Mushrooms: Candida albicans, Aspergillus niger, Penicillium rubrum, Trichoderma viride.

The evaluation was carried out according to the criteria of the United States Pharmacopeia (USP) XXI, which describes a product as adequately preserved if

• a) the number of bacteria in the reproductive bacteria not up to the 14th day is more than 0.1% of the initial bacterial count,
• b) the bacterial count of the reproductive yeasts and fungi during which he most 14 days of the examination remains the same or below the starting bacterial count decreases,
• c) the bacterial count of the test organisms during the remaining investigation lasts until the 28th day remains the same or below that in (a) and (b) determined values decreases.

It turned out that in all cases the conditions of the USP test were met.
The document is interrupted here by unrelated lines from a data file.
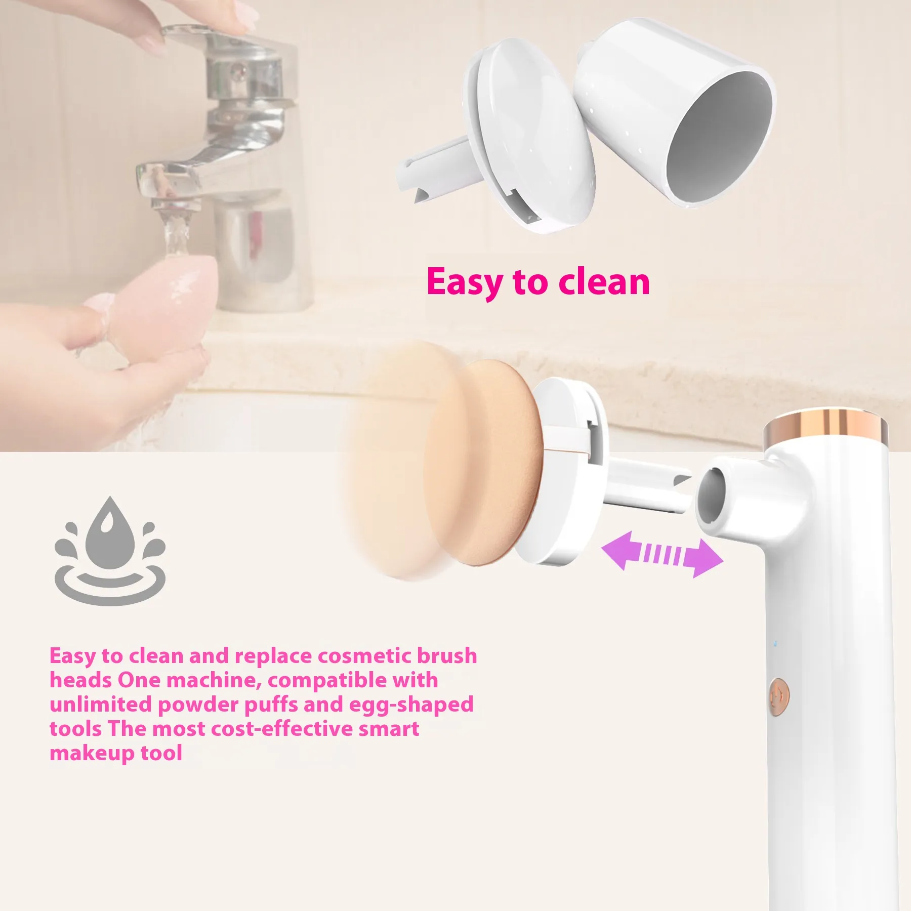 finish with minimal effort. The electric-powered puff machine helps blend makeup seamlessly, offering a smooth, even coverage without the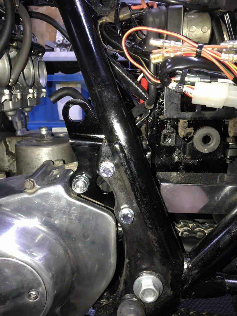 リヤ側のエンジンマウントブラケットは、Z1タイプにはバッテリーブラケットの受けがありません 。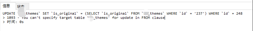 2、报错:1093 – You can’t specify target table ‘xx_themes’ for update in FROM clause。如图1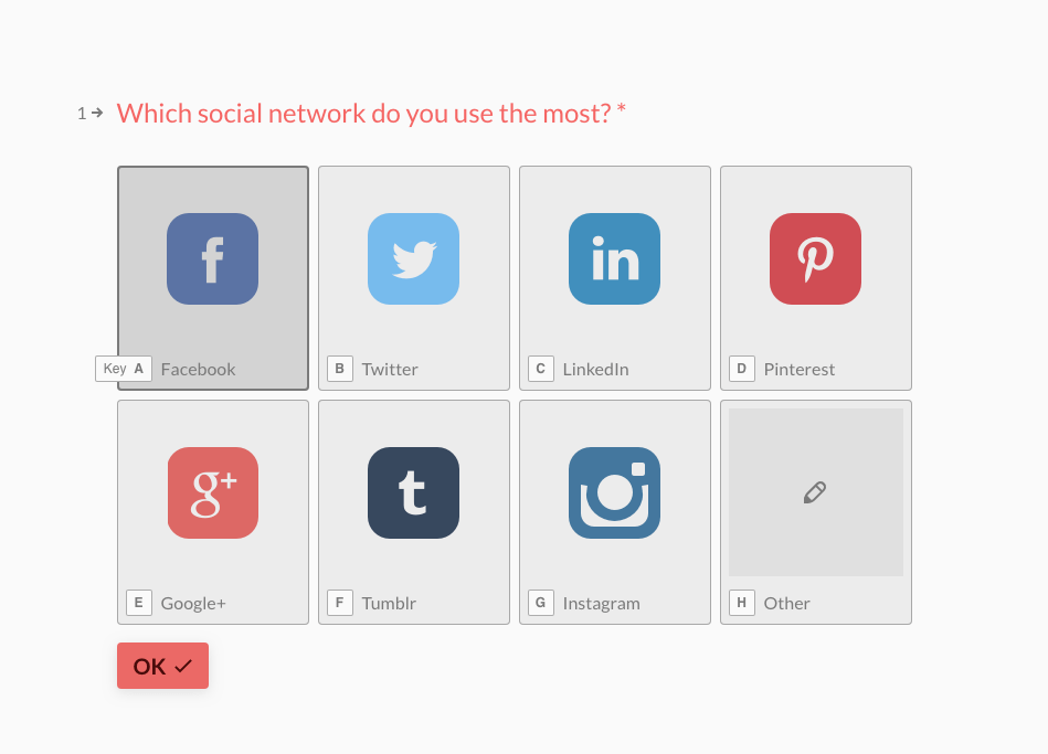 For creating polls to take the pulse of your audience, SurveyMonkey, Google Forms, and Typeform are a few free options. Typeform’s social media survey template may also inspire. It has a really user-friendly, engaging setup that walks your audience through the survey in a pleasing way to help get the best results. Customize it with questions that will offer you information about your customers, and then use the info you gain to determine whether Instagram is a fit.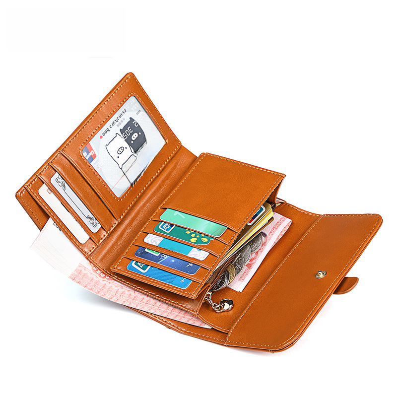 Factory direct Banyanu Korean version of the new wallet women's short three fold retro oil wax leather buckle small change clip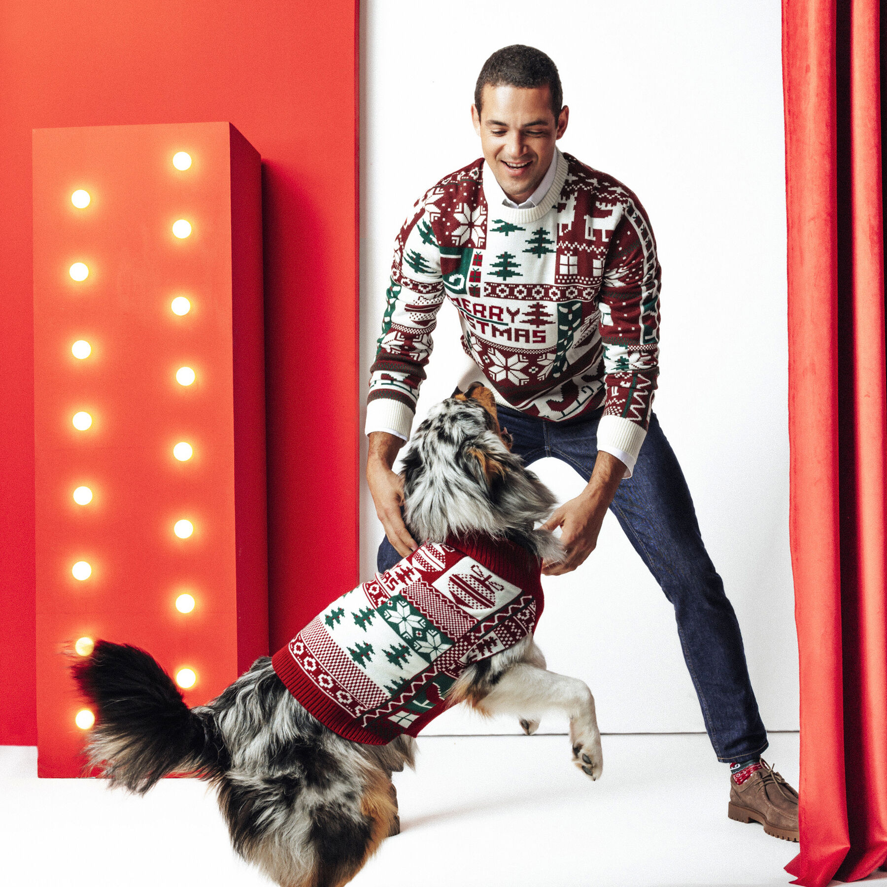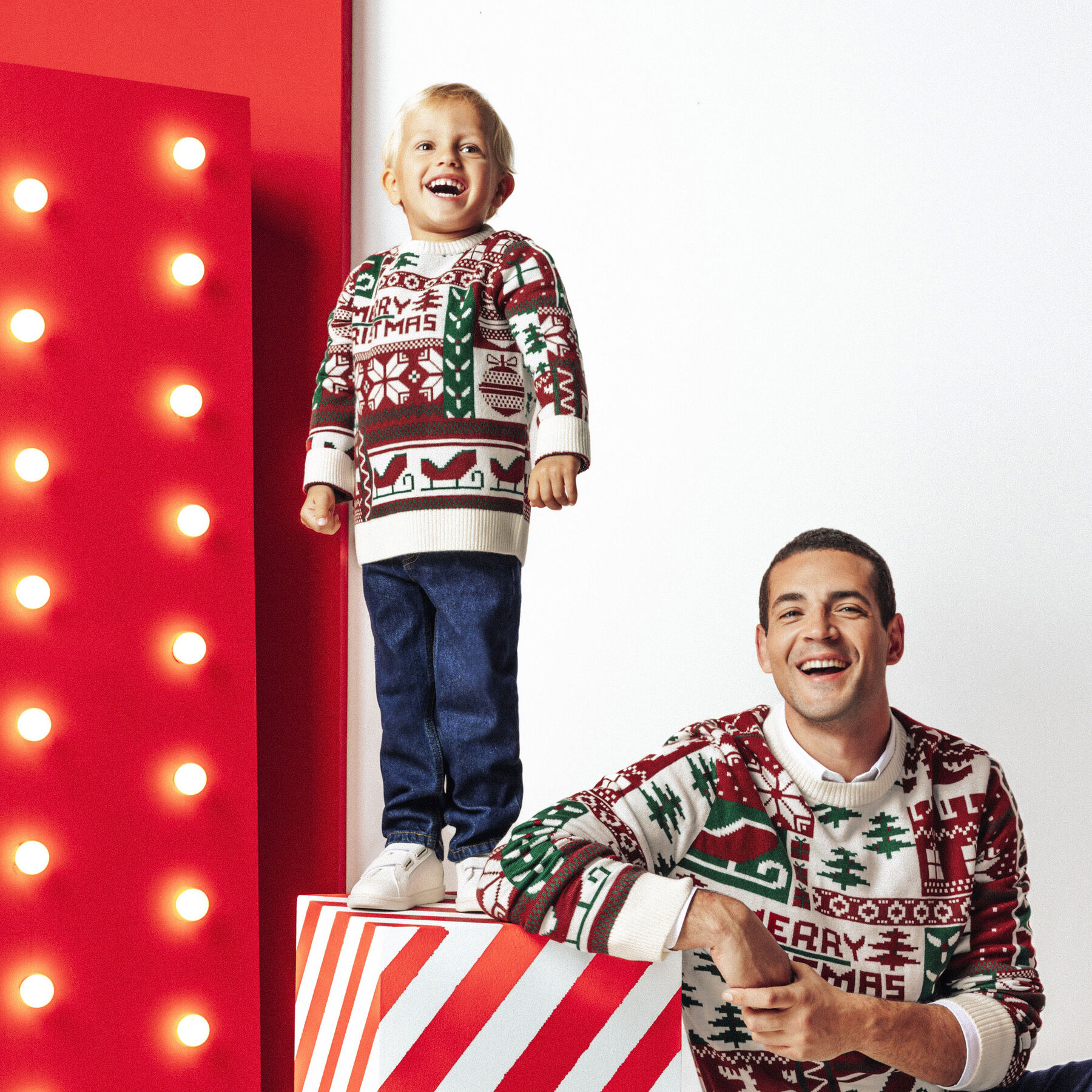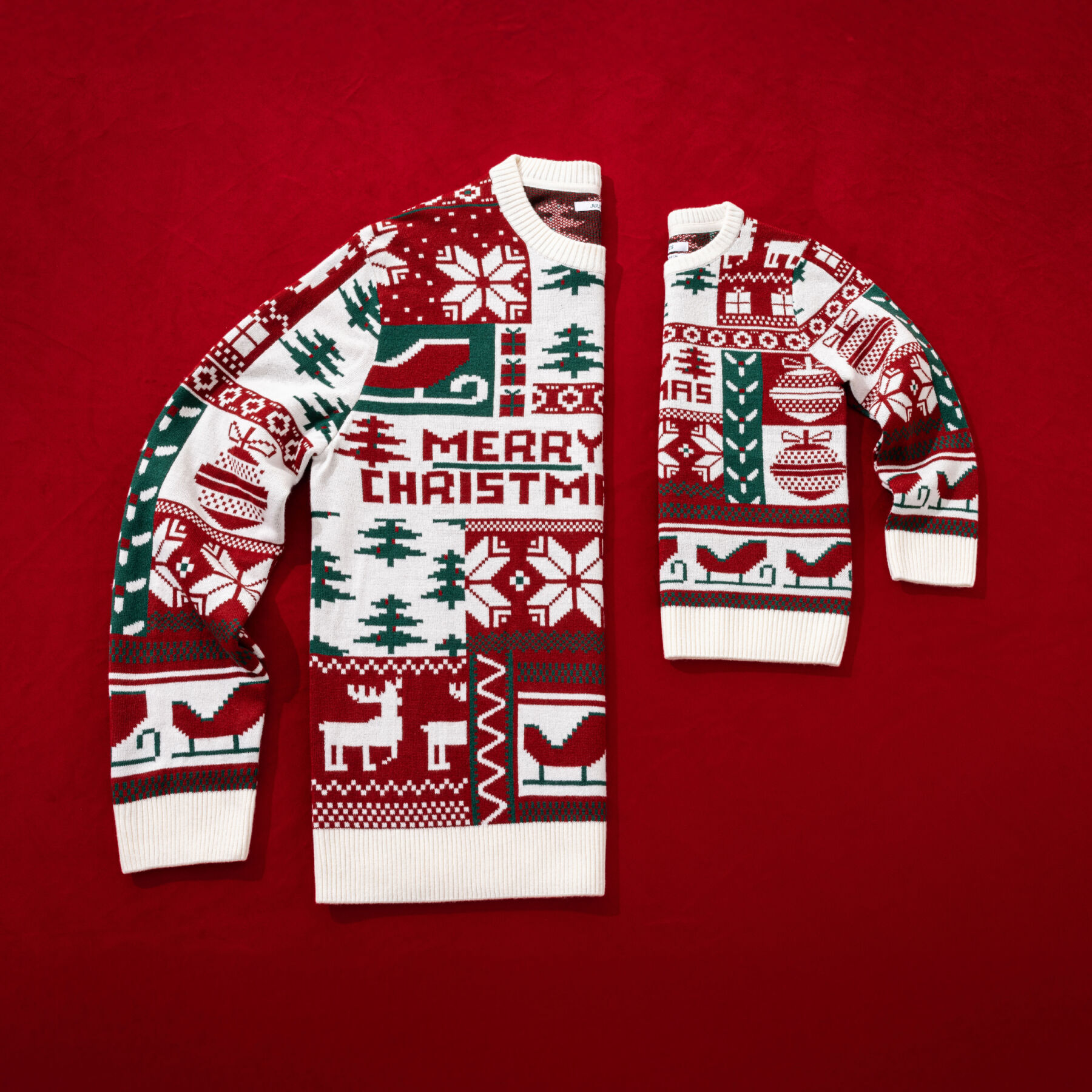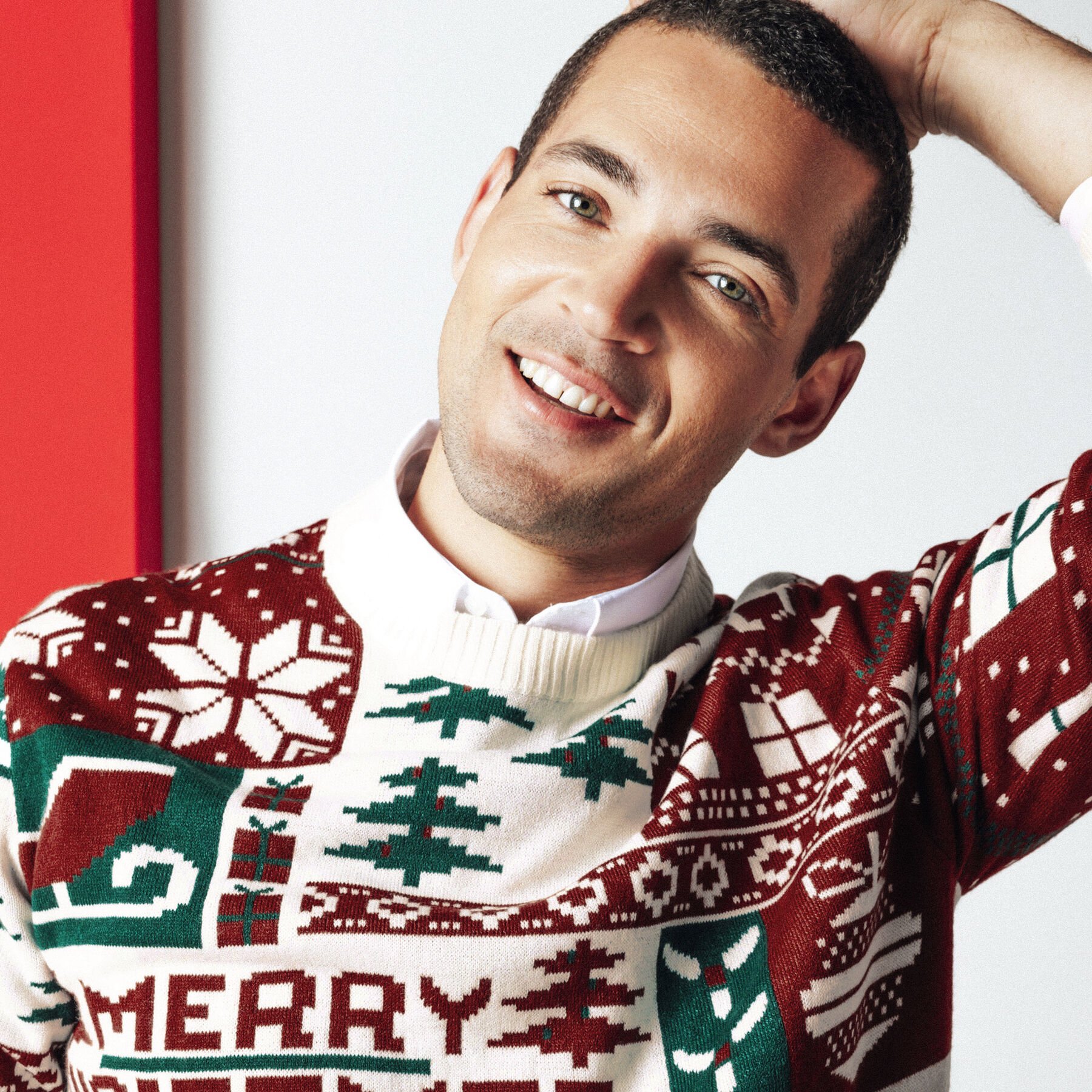Ce pull de Noël à col rond, affichant fièrement l’inscription « Merry Christmas

The course of the bacterial count is shown below by way of example using the emulsion of Example 7; the test germ suspension used contained 9.0 × 10 ⁸ bacteria and 7.5 × 10 ⁷ fungi:

Table 1

W / O emulsion a)

Claims (8)

1. Preservative-free water-in-oil emulsions containing - based on the entire mixture -

• A) 10-40% by weight of one or more water-insoluble oil bodies,
• B) 2-10% by weight of one or more W / O emulsifiers,
• C) 15-30% by weight of one or more polyols having 2 to 12 carbon atoms, 2 to 8 OH groups and up to 2 aldehyde or ketone groups,
• D) 10-55% by weight of water,
• E) 0-30% by weight of water- and / or oil-soluble auxiliary substances
  wherein the sum of components (A) and (B) is at least 20% by weight.

2. Preservative-free water-in-oil emulsions according to claim 1, wherein the polyol (C) is selected from the group glycerol, mono saccharide and disaccharide. 3. Preservative-free water-in-oil emulsions according to claim 1 or 2, wherein the polyol (C) is glycerin. 4. Emulsions according to one of claims 1 to 3, wherein the proportion of water-insoluble oil body (A) is 20-30% by weight. 5. Emulsions according to one of claims 1 to 4, wherein the proportion of the Polyol (C) is 15-20% by weight. 6. Emulsions according to one of claims 1 to 5, wherein the emulsifier from is selected from the group of polyglycerol esters and / or par tialglycerides. 7. Emulsions according to claim 6, wherein the polyglycerol ester is a trigly cerindiisostearate and the partial glyceride an oleic acid glyceride with egg nem is from 90 to 95 wt .-% mono.   8. Emulsions according to one of claims 1 to 5, wherein the emulsifier Addition product of 5 to 15 moles of ethylene oxide onto hydrogenated Rizi is nut oil.